THE HARDY BOYS GO TO WORK AT CARMEN SUTRA’S BOOKSTORE
Time gave Miller’s The Air-Conditioned Nightmare a hideous review when it was published in l944, so I rushed down the hill to Dupont Circle in Washington, DC and bought it from the estimable bookseller, Franz Bader. I was a polite schoolboy at St. Albans School at the time. (I still am, in certain ways.)

I went to visit HM on Partington Ridge, Big Sur, California, in June, 1951, a month before I went to Black Mountain College. He was completely avuncular, funny, enthusiastic, supportive. I never knew him very well (though I still somehow managed to beat him in ping-pong on a few occasions— it was like beating Proteus!), but published his Red Notebook and enjoyed his company and his great American sass. His voice was just like that of Pete Smith in the movie short-subjects— a Brooklyn boy.

I don’t read him much these days but, now and then, look into his charming essays on people like Jean Varda, Ephraim Doner, Kenneth Patchen, Michael Frankel, Jean Giono, Beauford DeLaney. He loved books and rare individuals as much as much as any man I’ve ever known. Blessed be his name! I’m not really bothered whether he was great or whether he wasn’t great. A mensh!

In a little tract called “The Plight of the Creative Artist in the United States of America,” Henry Miller said: “I have tried more perhaps than any other living writer to tell the truth about myself... I don’t say that I have succeeded— but I have tried.” Elsewhere, he noted: “My earnings were just about sufficient to keep a goat alive.” (1998)



Just before Marc Schleifer wrote, asking for a comment on Henry Miller, I was reading the March issue of Commentary in the Monterey library. In it there is a superb piece by Paul Goodman on “Pornography, Art & Censorship.” For me, he calls all the shots, one after another.

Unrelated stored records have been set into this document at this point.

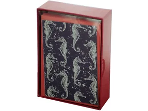 Brighten up someone's day with this Nautical Seahorses Blank Cards & Envelopes Set. The set features beautifully designed blank notecards adorned with a navy blue and white seahorse pattern, complemented by plain red envelopes.
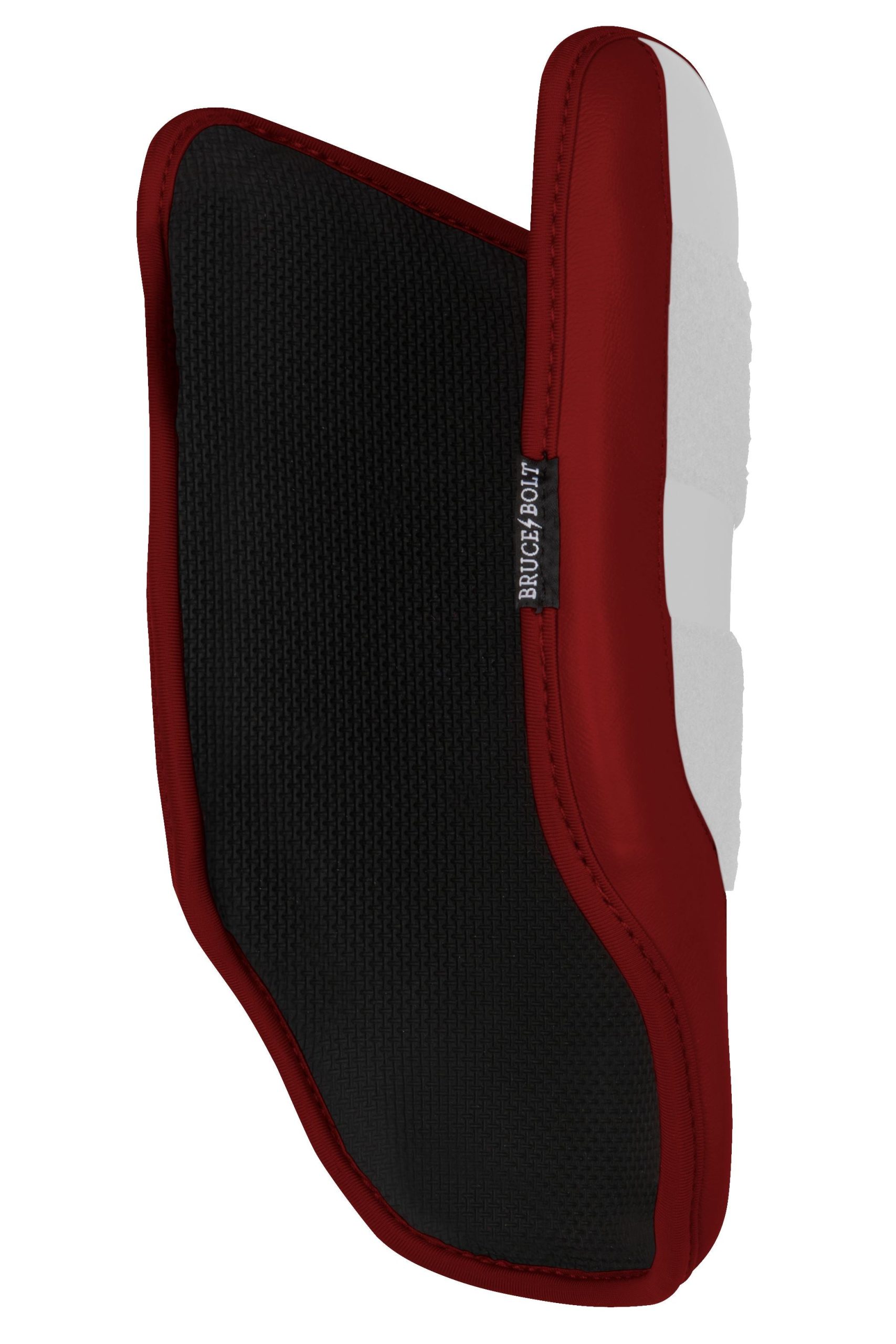BRUCE BOLT’s PREMIUM PRO Elbow Guards feature a semi-moldable thermoplastic protective shell with a Cabretta leather outer and proprietary Sharkskin inner to prevent movement during the swing. 2 wide removable elastic strap locks the elbow guard in place providing maximum protection at the plate.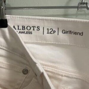 White Talbots girlfriend Jeans size 12P waist is 17" Inseam is 25.5 (approx.)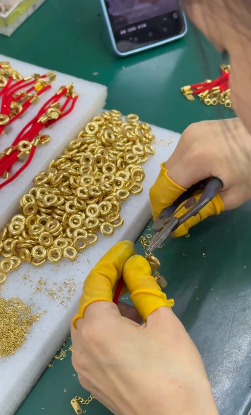 At our source factory, every piece of jewelry — whether simple yet striking gold plated bracelets or intricately designed necklaces — is crafted with precision. As seen in images from our workshop, artisans use meticulous techniques to assemble components, ensuring durability, aesthetic beauty, and the finest finish possible. From shaping rings to threading necklaces, our hands bring jewelry to life with attention to every detail.
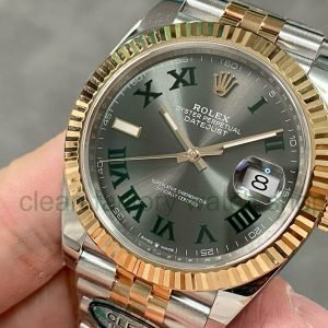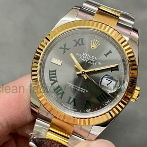 Clean Factory Rolex Datejust 126333-0019 41MM Half Gold Roman Numerals Wimbledon Grey Dial

For instance, he considers it the Supreme Court’s duty not to corrupt the youth, “to call not obscene whatever tends to joy, love, and liveliness, including the stirring of lustful impulses and thoughts.” The latter mildly obfuscated phrase means simply a desire to masturbate or copulate. So, what’s wrong with that? asks Goodman. “In our culture an artist is expected to move the reader; he is supposed to move him to tears, to laughter, to indignation, compassion, even to hatred; but he may not move him to have an erection or to mockery of public figures making spectacles of themselves. Why not?... “Dwight Eisenhower at Columbia” is a title to rouse an Aristophanes...” Why not have some decent sex in the culture, instead of all the schlock? Less J. Edgar Hoover and more Henry Miller? There is, after all, a very moving limerick on the difficulty of selling sex commercially:

the team of Tom and Louise
do an act in the nude on their knees;
they crawl down the aisle
while fucking dog-style,
and the orchestra plays Kilmer’s “Trees”

I certainly contend that the copy of Pierre Louÿs’ Aphrodite (Modern Library edition) behind all the RCA Victor red-seal albums of Toscanini’s Beethoven was more salubrious to my adolescence than the official reading imposed by secondary education. Can you imagine having to read Sir James Barrie’s The Little Minister at age 15? I had to— and Lorna Doone too. But, thank god for Time magazine. They so insulted and vilified Miller’s The Air-Conditioned Nightmare (1945) that I soon had, in addition, most of his banned books— hidden back of the Sibelius symphonies conducted by Koussevitsky. So what’s wrong with it? They helped make life endurable, sanguine, and a mite lubricious. They swung, like W.C. Fields’ breakfast: half a glass of fresh orange juice and four double-martinis. He lived a long time.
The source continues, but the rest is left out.